The Spiuks have a similar ‘standard’ fit as the Giros. However, they do feel more comfy, perhaps because Spiuk incorporated a little more padding on the inside of the shoe than the minimalist Prolight SLX. The Atop wire lacing system feels good since there is ample padding in the tongue and the heal cup provides good support. Perhaps it’s due to the additional padding, but I felt no areas of tightness or discomfort throughout the shoe.
Spiuk ZS15RC: atop view
Adjusting the Fit:
Like the Bonts, Spiuk went with the Atop dials. While these also cannot be micro-adjusted in both directions, I was familiar with the protocol after riding with the Vaypor+ for a year. Perhaps it’s because the shoe is not as wide as the Bont, I found the adjust ability better and more granular than the Vaypor+ which tended to have a very narrow “sweet spot” when it came to tightness. The Spiuk shoe didn’t have the same “laterally tight first, vertically tight second” mantra, but a more predictable overall tightness when the Atop dials were hunkered down. For this reason, I found the ZS15RC much more forgiving and user friendly in regard to fit.
The Spiuk shoes utilize a highly perforated vernice upper with reinforced toe bumper and outer heal. My only hesitation is something I would not notice but a few reviews on Wiggle have stated that the top anchor which holds the wire lace to the shoe can rip out. Still, there are very few people who experienced this and the shoe does get great reviews overall. Just something to keep an eye on.
The Spiuk comes with 2 insoles which I found to be very comfortable. One is dedicated for the summer months and one is dedicated for colder rides. A pretty nice touch!
Cool and Warm Spiuk insoles
Difference between the Cool insole (top) and the Warm insole (bottom)

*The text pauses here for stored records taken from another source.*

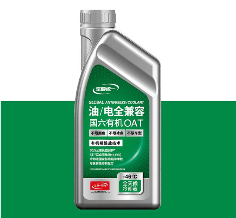 其中,至尊统一全兼容国六冷却液具有沸点高、冰点低的技术优势,冰点达到-45℃,可以适应我国各个地区,南北通用。具有不限冰点、沸点和颜色的技术优势,能兼容其他品牌、颜色、冰点的冷却液产品混合使用。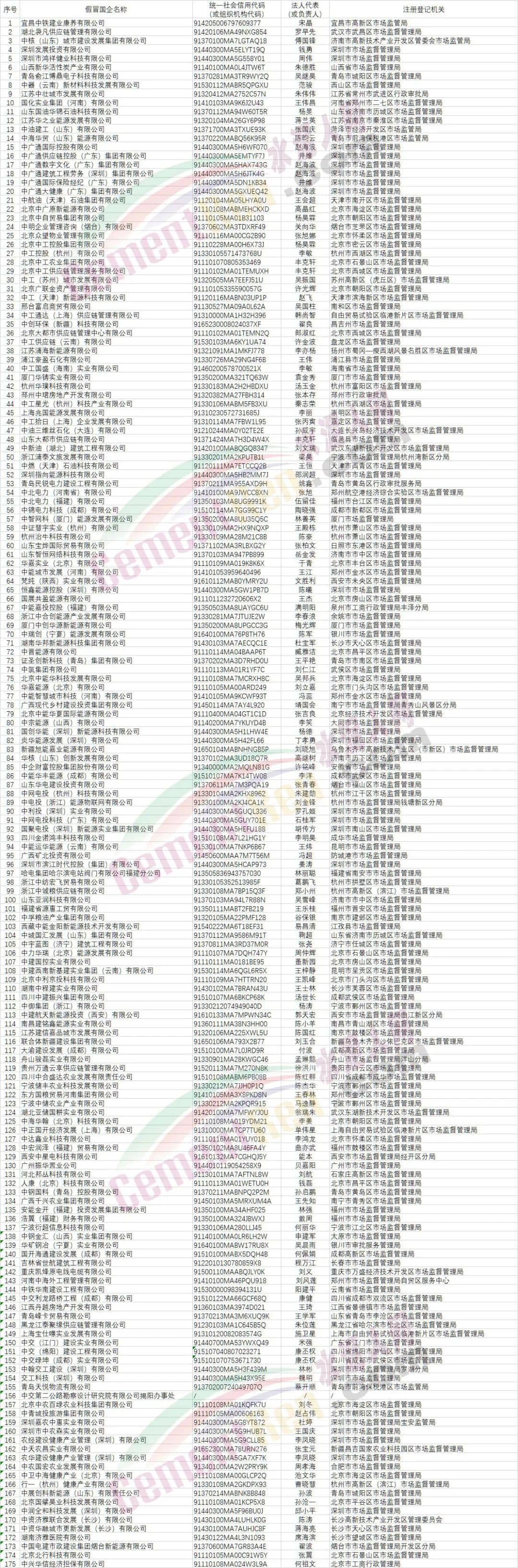 中央企業(yè)公告的假冒國企名單匯總(第二批)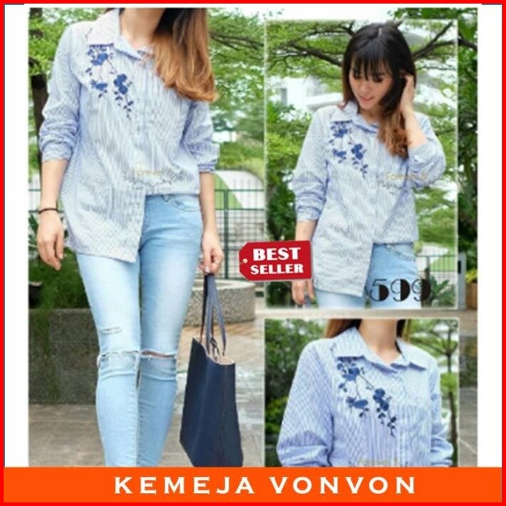 Baju Atasan Kemeja Wanita Cewek Vonie Bordir Blouse Tunik Salur

A cycling industry first, this shootout also included a sniff test to determine which shoe smells the best. Our judge did not waver about the winner, scoring the Spiuk an incredible 2.7182818 on a scale of 3.1415927:
Sniff Test Winner
The first thing that struck me was how comfortable the shoe is. Going from the Bont to the Spiuk was like the difference between a cheap rental ski boot and a well cushioned running shoe. I’m sure I’m being overly harsh here, but the Spiuk is an incredibly cushy shoe. The sole is not as stiff as the Bont and not as stiff as the Giro’s Easton EC90 sole, but it’s still very capable and only the meanest and angriest sprinters will dismiss the Spiuk in favor for a beefier shoe. The ventilation is also very good. The sole’s stack height is the highest out of the 3 tested. It’s not a big difference going from the Prolight SLX to the Spiuk, but going from the very low Bont to the higher Spiuk on the same bike will probably require a seatpost adjustment (or you can just choose to ignore it to prove how resilient and open-minded you are to changes in your position).

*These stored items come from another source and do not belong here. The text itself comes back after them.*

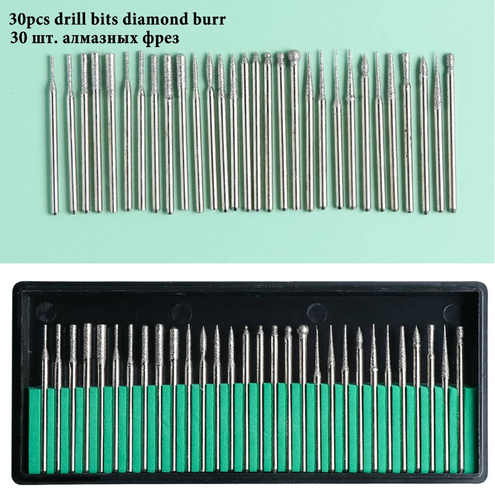 1шт. ручка-фрезер (110V/220V общий) адаптер(стандарт UK/US/EU/AU) 6шт насадки 6шт сменных наждачных наконечников 1x Руководство пользования (на английском языке) 1 Набор Фрез алмазных , 30 шт.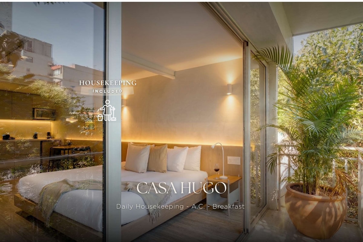 To świeżo odnowiona tradycyjna kamienica położona w prawdziwej Rzymie. Ciesz się łóżkiem typu kingsize z pianki memory, spokojem 2 prywatnych patio z dużą ilością roślin, wanną dla dwojga i dużą ilością charakteru w gnieździe, które jest jednocześnie klasyczne i fajne. Apartament został zaprojektowany tak, aby zapewnić przytulność, idealną do odpoczynku po przygodach w Meksyku, zachowując jednocześnie tradycyjny smak. Lokalizacja jest bezkonkurencyjna, jedna przecznica od targu Medellin i niektórych najmodniejszych miejsc w mieście.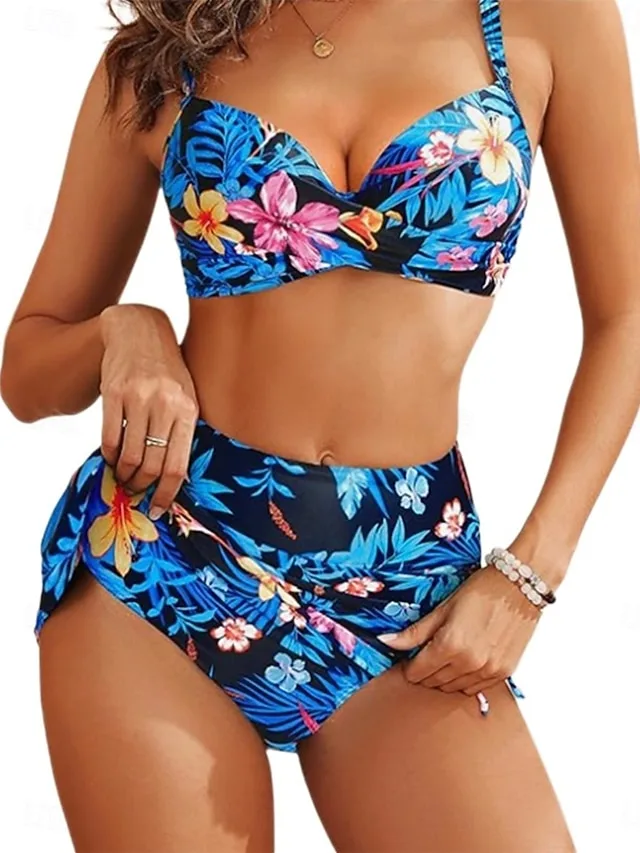 Elegantes florales Bikini-Set mit Rock, V-Ausschnitt und rückenfreiem Design. Perfekt für Strand, Pool und Urlaub.

The Spiuk ZS15RC is probably the most comfortable out of the 3 tested here. Those who enjoy short 1hr rides with group sprints and intervals that test your 5s maximum wattage might choose a different slipper. My only gripe was the high stack height, but it’s not a huge negative. While I thought these shoes might sacrifice performance for comfort, the rides I’ve done with these shoes always end up being some of the fastest. Maybe it’s the shoe, or maybe it’s just hard to ride slow with green fluo.